И действительно, все оказалось значительно проще, чем они думали. С одной стороны, проще, а так-то конструкция была довольно сложной.

Софию уложили на помост, задрали платье, а сверху по конструкции на нее забрался большой черный бык. Так-то, без конструкции, его тяжести никто бы не мог вынести.

Вот это произошло в их первую поездку. А теперь они ехали отомстить за все нанесенные им здесь оскорбления.

А чтобы никто не знал, решили нанять киллера. Одного, но способного справиться, если не со всем поселением, то хотя бы перебить часть. И обязательно:

— Атамана, Варвару, Сикорского и Голиафа.

3

Никто не нашел Дашу и Софию, а Голиаф нашел. Он сел под деревом и запел своим пискливым голосом песню про двух девушек, которых он очень любит, но не знает, где их найти. Но однажды ему очен-но повезло. Он сидел под высоким деревом и мечтал. И мечты сказали ему:

— Далекое бывает очень близко. — Так близко, что не всякий может его увидеть.

Срублю-ка я это большое дерево, и посмотрю, кто там живет. Что за диковинные птицы.

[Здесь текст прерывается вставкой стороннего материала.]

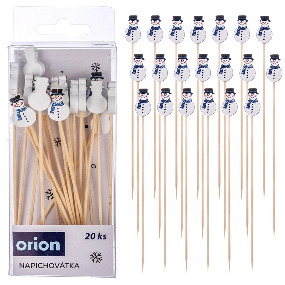 Prirodne bambusove štapiće i drvene ukrase sigurno je koristiti u kontaktu s hranom. Snjegović toppers daju stolu veseo i efektan izgled – idealno za kućne zabave, roštiljanja i obiteljske proslave.

И он начал методично рубить дерево саблей.

В конце концов, девушки не выдержали, и закричали из-за ветвей:

— Окей, окей, мы спускаемся!

— Кажется, птицы разговаривают, — сказал Голиаф и осмотрелся по сторонам.

— Он притворяется, или не понимает, что мы здесь? — спросила Даша.

— Скорее всего, он заметил нас, а сейчас, скорее всего, пугает, — ответила София.

— Значит, он не срубит дерево до конца, и мы не упадем?

— Скорее всего.

— Мы высоко сидим, мне страшно.

— Мне тоже. — И они закричали:

— Хватит, хватит, — мы сдаемся.

Но Голиаф как будто не слышал, и продолжал рубить.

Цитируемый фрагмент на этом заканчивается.